• THE DATA
--- START ---

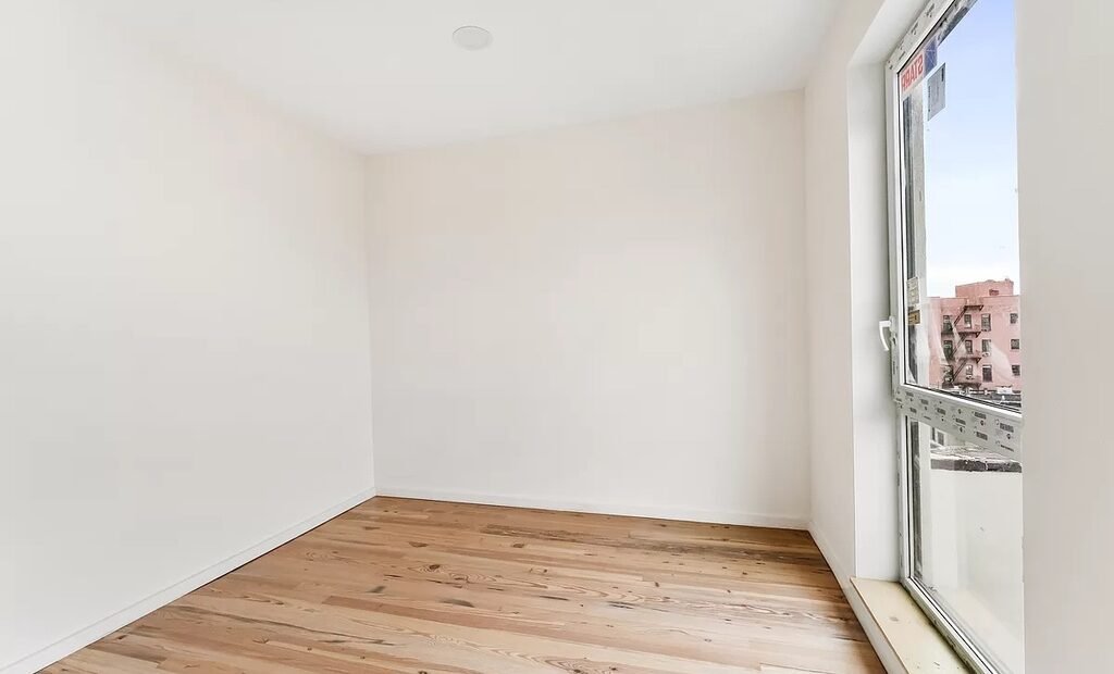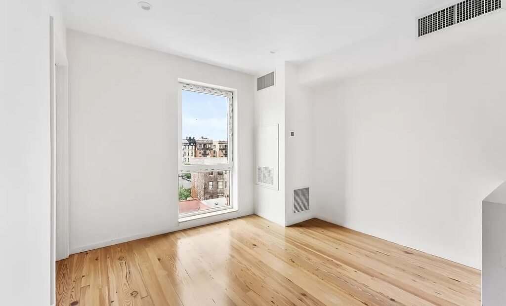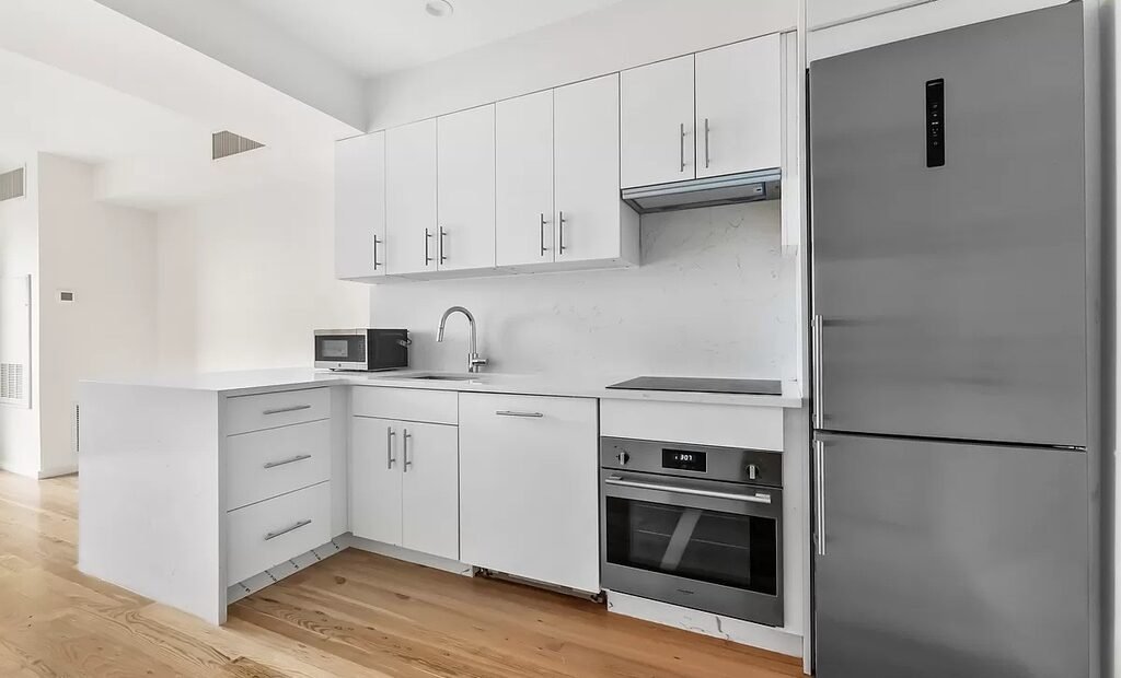 The wide-plank antique spruce wood floors throughout were repurposed from the original wood beams, removed to create the new courtyard. Apartment includes an in-unit washer/dryer and premium kitchen appliances, such as a dishwasher, induction cooktop, circulating hood, built-in oven, and microwave.
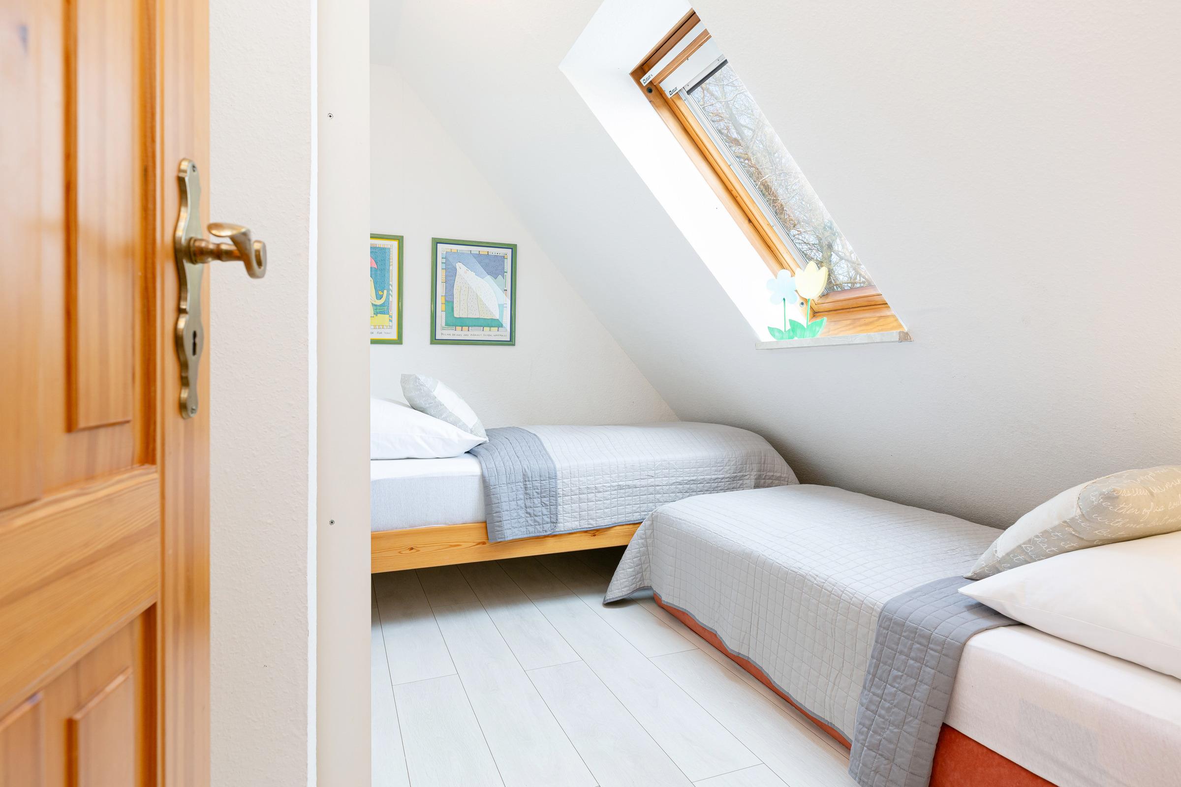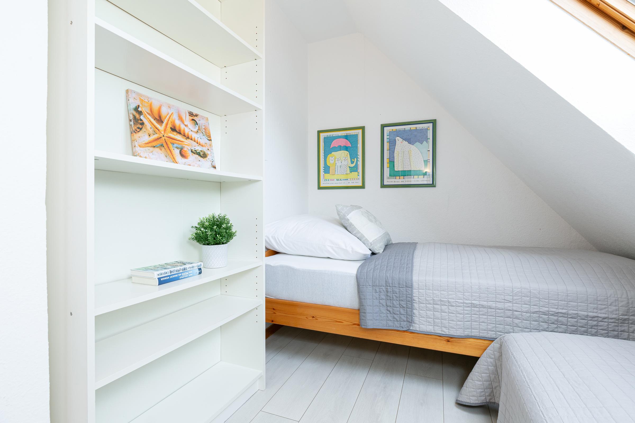 Schlafzimmer 3: 2 Einzelbetten (je 90x200 cm), Verdunkelung: Plissee, Kleiderschrank, kein Platz für ein Babybett vorhanden
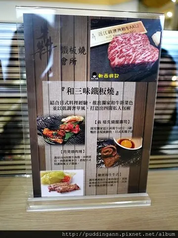 之前跟柯柯慶祝端午連假,訂好了從來沒吃過的犇 和牛館(和三味) ~來吃吃看鐵板燒啦軟西粉絲團http://fb.annkuo.org軟西痞客邦http://blog.annkuo.org軟西愛評網http://ipeen.annkuo.org軟西窩客島http://walkerland.annkuo.org軟西GOOGLE+http://gplus.annkuo.org其實我們一開始不知道到底是哪一間,因為這邊總共有三館啊哈哈走進第一間問了不是,走到第二間也不是,第三間的和牛館才是喔~哈哈簡直頭昏眼花了呀~詳細三館簡介也可以看犇的官方網站不過大致上的差別服務生也有告訴我們喔一店是西式鐵板燒,二店火鍋,未來可能也有考慮跟鐵板燒結合,不過還在構想中三店就是柯軟今天要吃的日式鐵板燒外面看起來黑漆漆的,結果裡面看出去還滿亮的呢!廁所門是木質的服務生帶我們到後方的小包廂,大約可以坐10人左右,今天除了我們以外還有另外兩組用餐雖然朋友們都說犇是大雷(哈哈哈哈),有點貴又還好,不過軟西柯柯都是抱著沒吃過吃吃看的心情來吃每家店的~這個小角落一直讓我有種在某個人家裡的錯覺哈哈哈坐定位之後可以先看到餐巾、濕紙巾、衛生紙等等都是犇連餐墊上面也有呢!桌上的洋蔥末跟莎莎醬杯墊也是喔哈哈菜單很簡單的只有兩面~不過軟西柯柯這次是買gomaji的和牛雙人套餐(NT1980)詳細犇菜單的話可以用官方app查看~軟西手機截圖犇菜單在這邊喔水是evian的喔首先先上來的是前菜的麵包旁邊的松露奶油醬超香濃而且甜甜的好好吃~跟歐式麵包絕配啊再來是前菜,總共可以二選二,想當然我們就是一人選一種囉這是鮭魚卵蒸蛋~上面鮭魚卵是軟西最喜歡的晶瑩剔透多汁鮮美的另一項是嫩煎和牛牛舌沙拉選用的是澳洲和牛舌根的部位,看這上面亮晶晶的細緻油花~好期待呀裡面是洋蔥末,配著牛肉一起吃軟嫩得宜QQ彈彈好吃湯品也是二選二,這是法式洋蔥濃湯,不會太過濃稠像醬汁,反正我們後來喝的洋蔥湯都不會比茹絲葵的糟就對了哈哈另一項是比較清爽的山藥干貝湯裡面有北海道大干貝還有超大片的山藥哈哈哈,口感十分細緻滑嫩,湯頭清甜鮮美再來就是犇和牛綜合握壽司拼盤從左至右是海鱺魚、紅甘魚、和牛服務生也特別提醒要從左到右吃噢~因為這樣味道才是淡到重下方的紫蘇葉也是可以吃的裡面軟西最喜歡和牛哈哈哈,雖然味道比較鹹但是夠重好吃沒多久送上主餐盤子,深顏色的是風味鹽(有炭烤味),淡粉色是玫瑰鹽然後吃鐵板燒很過癮就是師傅都會在面前大展身手啦哈哈沒多久香煎比內土雞就端上桌囉外皮煎得金黃,雞肉紮實有嚼勁再來是紐約客牛排選用美國Prime等級紐約客牛排~看這紅通通的牛肉就讓人口水直流啦哈哈,肉質滿細嫩的,但是好像還是雞肉略勝一籌?哈哈黃金炒飯,旁邊還有配台灣味的醃蘿蔔其實不要小看這些菜,吃到這邊軟西已經有點飽了哈哈但是甜點上來還是馬上吃光光!(哪招)甜點也是二選二,一個是古早味芋泥冰淇淋一個是草莓芝士雪糕這會讓我想到之前去CU cafe吃的草莓起司蛋糕~~讓軟西念念不忘啊甜點部分表現可圈可點,但覺得份量有點小(咦?剛剛不是說吃飽囉?)飲料部分兩種可選咖啡或茶軟西都不能喝所以都是柯柯的整體來說表現不錯,可是不知道很多人不推的原因,是不是因為以這個價錢來說,覺得好像又沒有這麼有價值,東西不難吃但感覺可以再精緻一點,例如最後的茶或咖啡沒有可選擇的,就是茶或咖啡哈哈聽朋友們說也滿常在gomaji上面看到特價餐券的,要吃之前也可以先看看喔-----店家資訊-----犇 和牛館(和三味) 犇和牛館地址:台北市安和路一段102巷4號之1犇和牛館交通:捷運淡水信義線(紅線、2號線)信義安和站1號出口犇和牛館電話:02-27552671犇和牛館營業時間:11:30–14:30, 17:30–22:30查看更多

--- END ---

• TASK REQUIREMENTS
Return the material exactly as given, apart from the pictures.

• WRITTEN RESPONSE
 The wide-plank antique spruce wood floors throughout were repurposed from the original wood beams, removed to create the new courtyard. Apartment includes an in-unit washer/dryer and premium kitchen appliances, such as a dishwasher, induction cooktop, circulating hood, built-in oven, and microwave.
 Schlafzimmer 3: 2 Einzelbetten (je 90x200 cm), Verdunkelung: Plissee, Kleiderschrank, kein Platz für ein Babybett vorhanden
 之前跟柯柯慶祝端午連假,訂好了從來沒吃過的犇 和牛館(和三味) ~來吃吃看鐵板燒啦軟西粉絲團http://fb.annkuo.org軟西痞客邦http://blog.annkuo.org軟西愛評網http://ipeen.annkuo.org軟西窩客島http://walkerland.annkuo.org軟西GOOGLE+http://gplus.annkuo.org其實我們一開始不知道到底是哪一間,因為這邊總共有三館啊哈哈走進第一間問了不是,走到第二間也不是,第三間的和牛館才是喔~哈哈簡直頭昏眼花了呀~詳細三館簡介也可以看犇的官方網站不過大致上的差別服務生也有告訴我們喔一店是西式鐵板燒,二店火鍋,未來可能也有考慮跟鐵板燒結合,不過還在構想中三店就是柯軟今天要吃的日式鐵板燒外面看起來黑漆漆的,結果裡面看出去還滿亮的呢!廁所門是木質的服務生帶我們到後方的小包廂,大約可以坐10人左右,今天除了我們以外還有另外兩組用餐雖然朋友們都說犇是大雷(哈哈哈哈),有點貴又還好,不過軟西柯柯都是抱著沒吃過吃吃看的心情來吃每家店的~這個小角落一直讓我有種在某個人家裡的錯覺哈哈哈坐定位之後可以先看到餐巾、濕紙巾、衛生紙等等都是犇連餐墊上面也有呢!桌上的洋蔥末跟莎莎醬杯墊也是喔哈哈菜單很簡單的只有兩面~不過軟西柯柯這次是買gomaji的和牛雙人套餐(NT1980)詳細犇菜單的話可以用官方app查看~軟西手機截圖犇菜單在這邊喔水是evian的喔首先先上來的是前菜的麵包旁邊的松露奶油醬超香濃而且甜甜的好好吃~跟歐式麵包絕配啊再來是前菜,總共可以二選二,想當然我們就是一人選一種囉這是鮭魚卵蒸蛋~上面鮭魚卵是軟西最喜歡的晶瑩剔透多汁鮮美的另一項是嫩煎和牛牛舌沙拉選用的是澳洲和牛舌根的部位,看這上面亮晶晶的細緻油花~好期待呀裡面是洋蔥末,配著牛肉一起吃軟嫩得宜QQ彈彈好吃湯品也是二選二,這是法式洋蔥濃湯,不會太過濃稠像醬汁,反正我們後來喝的洋蔥湯都不會比茹絲葵的糟就對了哈哈另一項是比較清爽的山藥干貝湯裡面有北海道大干貝還有超大片的山藥哈哈哈,口感十分細緻滑嫩,湯頭清甜鮮美再來就是犇和牛綜合握壽司拼盤從左至右是海鱺魚、紅甘魚、和牛服務生也特別提醒要從左到右吃噢~因為這樣味道才是淡到重下方的紫蘇葉也是可以吃的裡面軟西最喜歡和牛哈哈哈,雖然味道比較鹹但是夠重好吃沒多久送上主餐盤子,深顏色的是風味鹽(有炭烤味),淡粉色是玫瑰鹽然後吃鐵板燒很過癮就是師傅都會在面前大展身手啦哈哈沒多久香煎比內土雞就端上桌囉外皮煎得金黃,雞肉紮實有嚼勁再來是紐約客牛排選用美國Prime等級紐約客牛排~看這紅通通的牛肉就讓人口水直流啦哈哈,肉質滿細嫩的,但是好像還是雞肉略勝一籌?哈哈黃金炒飯,旁邊還有配台灣味的醃蘿蔔其實不要小看這些菜,吃到這邊軟西已經有點飽了哈哈但是甜點上來還是馬上吃光光!(哪招)甜點也是二選二,一個是古早味芋泥冰淇淋一個是草莓芝士雪糕這會讓我想到之前去CU cafe吃的草莓起司蛋糕~~讓軟西念念不忘啊甜點部分表現可圈可點,但覺得份量有點小(咦?剛剛不是說吃飽囉?)飲料部分兩種可選咖啡或茶軟西都不能喝所以都是柯柯的整體來說表現不錯,可是不知道很多人不推的原因,是不是因為以這個價錢來說,覺得好像又沒有這麼有價值,東西不難吃但感覺可以再精緻一點,例如最後的茶或咖啡沒有可選擇的,就是茶或咖啡哈哈聽朋友們說也滿常在gomaji上面看到特價餐券的,要吃之前也可以先看看喔-----店家資訊-----犇 和牛館(和三味) 犇和牛館地址:台北市安和路一段102巷4號之1犇和牛館交通:捷運淡水信義線(紅線、2號線)信義安和站1號出口犇和牛館電話:02-27552671犇和牛館營業時間:11:30–14:30, 17:30–22:30查看更多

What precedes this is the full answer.